Lorsque le SMIC augmente plus vite que les grilles de salaires minima conventionnels, les premiers niveaux de classification se retrouvent en dessous du minimum légal. Ce phénomène de « rattrapage » ou « écrasement » des grilles conventionnelles concerne de nombreuses branches professionnelles et place les employeurs dans une situation juridique délicate. Comment réagir ? Quelles obligations respecter ?
Le mécanisme du rattrapage
Le SMIC est revalorisé chaque année au 1er janvier et peut faire l’objet de revalorisations exceptionnelles en cours d’année en cas d’inflation (article L. 3231-5 du Code du travail). Les salaires minima conventionnels, en revanche, ne sont révisés que par la négociation de branche, à un rythme souvent plus lent.
Lorsque le SMIC dépasse les premiers échelons d’une grille conventionnelle, plusieurs conséquences se produisent :
- Les salariés des niveaux les plus bas doivent être rémunérés au moins au SMIC, le minimum légal primant toujours sur le minimum conventionnel inférieur (article L. 3231-3).
- Les écarts entre niveaux de classification se réduisent, voire disparaissent, créant un tassement des rémunérations.
- Les salariés ayant de l’ancienneté et des qualifications supérieures se retrouvent rémunérés au même niveau que les débutants, source de démotivation et de contentieux.
Les obligations de l’employeur
Respecter le SMIC en toutes circonstances
L’article L. 3231-2 du Code du travail impose que tout salarié bénéficie d’une rémunération au moins égale au SMIC. Cette obligation s’applique indépendamment de la grille conventionnelle. L’employeur qui maintiendrait un salarié à un minimum conventionnel inférieur au SMIC s’expose à des sanctions pénales (contravention de 5e classe) et à des rappels de salaires.

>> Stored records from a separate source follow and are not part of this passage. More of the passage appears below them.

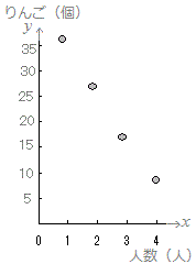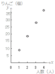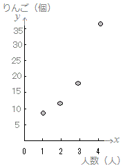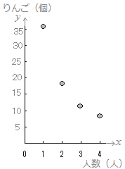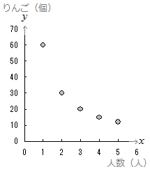 ○ 次の表2は60(個)のりんごを何人かで分けるときの人数(人)と1人がもらえるりんご(個)を表したものです。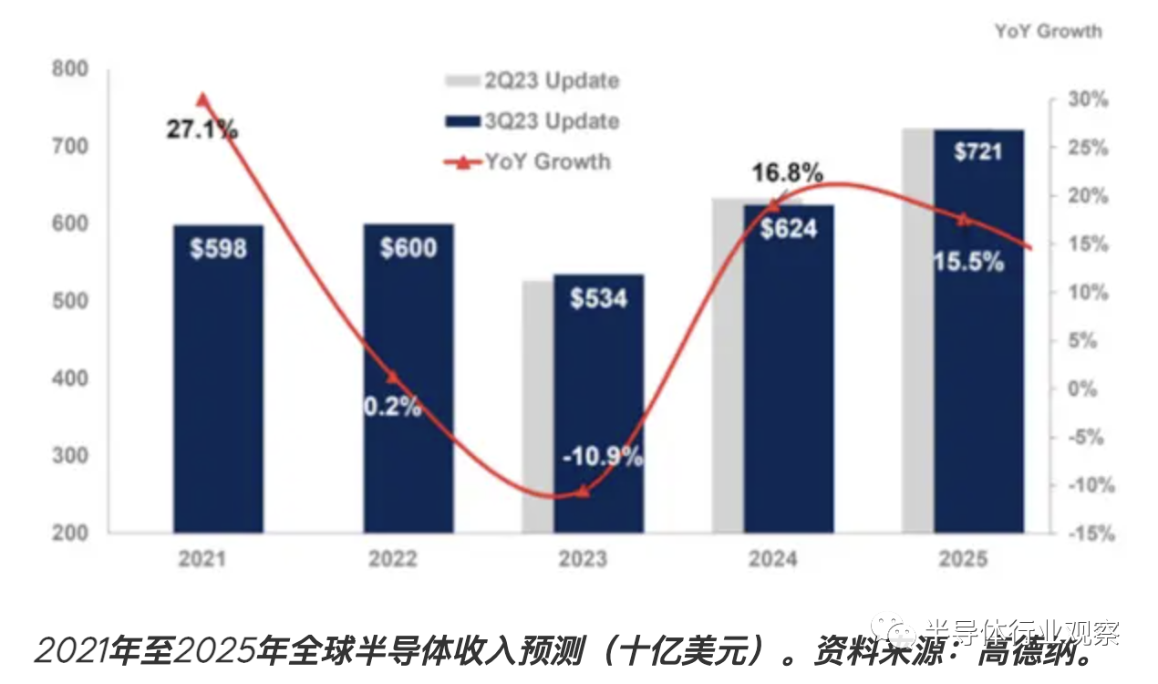 但根據(jù)Gartmer目前的預(yù)計(jì),在 16.8% 的強(qiáng)勁增長(zhǎng)之后,2025 年全球芯片銷售額將增長(zhǎng) 15.5%,達(dá)到 7,210 億美元。值得一提的是,Gartner 還表示,全球芯片市場(chǎng)到 2023 年將下降 11%。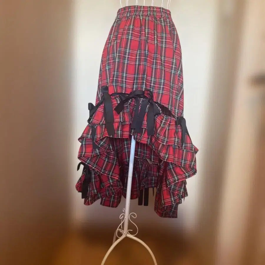 빨간색과 블랙 체크 무늬의 플레어 스커트, 리본이 달린 프릴이 특징입니다. - 색상: 빨간색과 블랙 체크 - 디자인: 플레어 스커트 - 소재: 불명이나 가벼운 원단 - 장식: 리본 포함 프릴 방문해 주셔서 감사합니다. 사이즈 - FREE SIZE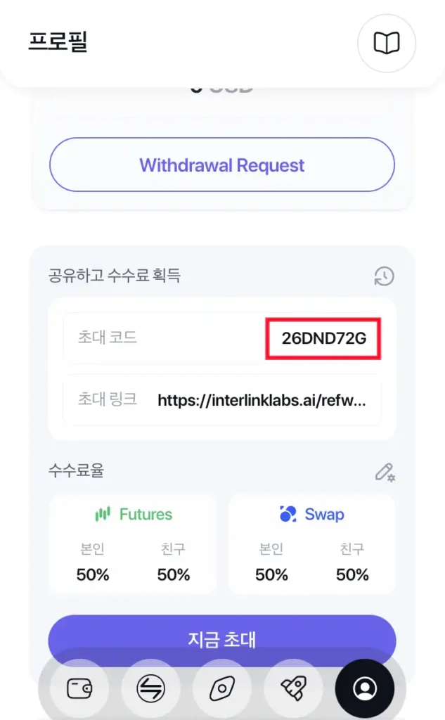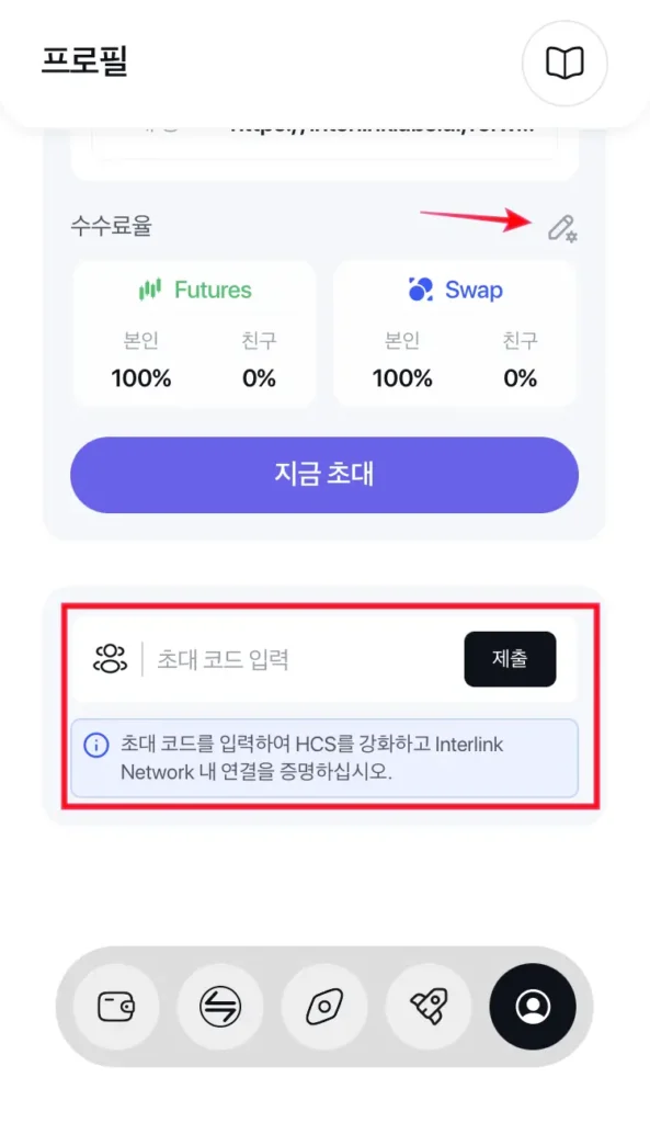 지갑 초대코드를 입력하면 좋습니다. 초대코드입력란에 입력합니다.

Vérifier la base de comparaison
Pour apprécier si la rémunération atteint le SMIC, il convient d’inclure le salaire de base et certains compléments de salaire constituant la contrepartie du travail, mais d’exclure :
- Les remboursements de frais.
- Les majorations pour heures supplémentaires.
- Les primes d’ancienneté (selon les conventions).
- Les primes de participation et d’intéressement.
Obligation de négociation de branche
L’article L. 2241-1 du Code du travail impose une négociation obligatoire sur les salaires au niveau de la branche au moins une fois par an. Lorsque les minima conventionnels sont inférieurs au SMIC, la branche est tenue d’ouvrir des négociations dans un délai de 45 jours (article L. 2241-10). À défaut, le ministre du Travail peut engager une procédure de fusion de la branche défaillante.
Exemple concret
Dans une entreprise relevant de la convention collective du commerce de détail alimentaire, la grille prévoit un minimum au coefficient 1A de 1 750 euros bruts mensuels. Au 1er janvier 2026, le SMIC mensuel brut s’établit à un niveau supérieur. L’employeur doit alors :
- Immédiatement ajuster la rémunération des salariés concernés au niveau du SMIC.
- Vérifier l’impact sur les niveaux supérieurs et envisager un réajustement de l’ensemble de la grille pour maintenir la hiérarchie des rémunérations.
- Anticiper la prochaine NAO (négociation annuelle obligatoire) pour formaliser ces ajustements.
Points de vigilance
- Ne pas confondre minimum conventionnel et salaire réel : un salarié peut percevoir un salaire réel supérieur au SMIC même si le minimum conventionnel est inférieur. C’est le salaire effectivement versé qui compte.
- Attention aux rappels de salaires : le délai de prescription est de trois ans (article L. 3245-1). Un salarié peut réclamer un rappel sur cette période.
- Risque de contentieux collectif : le tassement des grilles génère des tensions sociales et des réclamations en cascade.
- Surveiller les arrêtés d’extension : les nouveaux avenants salariaux négociés en branche ne s’appliquent à toutes les entreprises du secteur qu’après leur extension par arrêté ministériel.
Conclusion
Le rattrapage des grilles conventionnelles par le SMIC est un phénomène récurrent qui impose aux employeurs une vigilance permanente. Au-delà du respect du minimum légal, la gestion du tassement des rémunérations est un enjeu de politique salariale et de dialogue social dans l’entreprise.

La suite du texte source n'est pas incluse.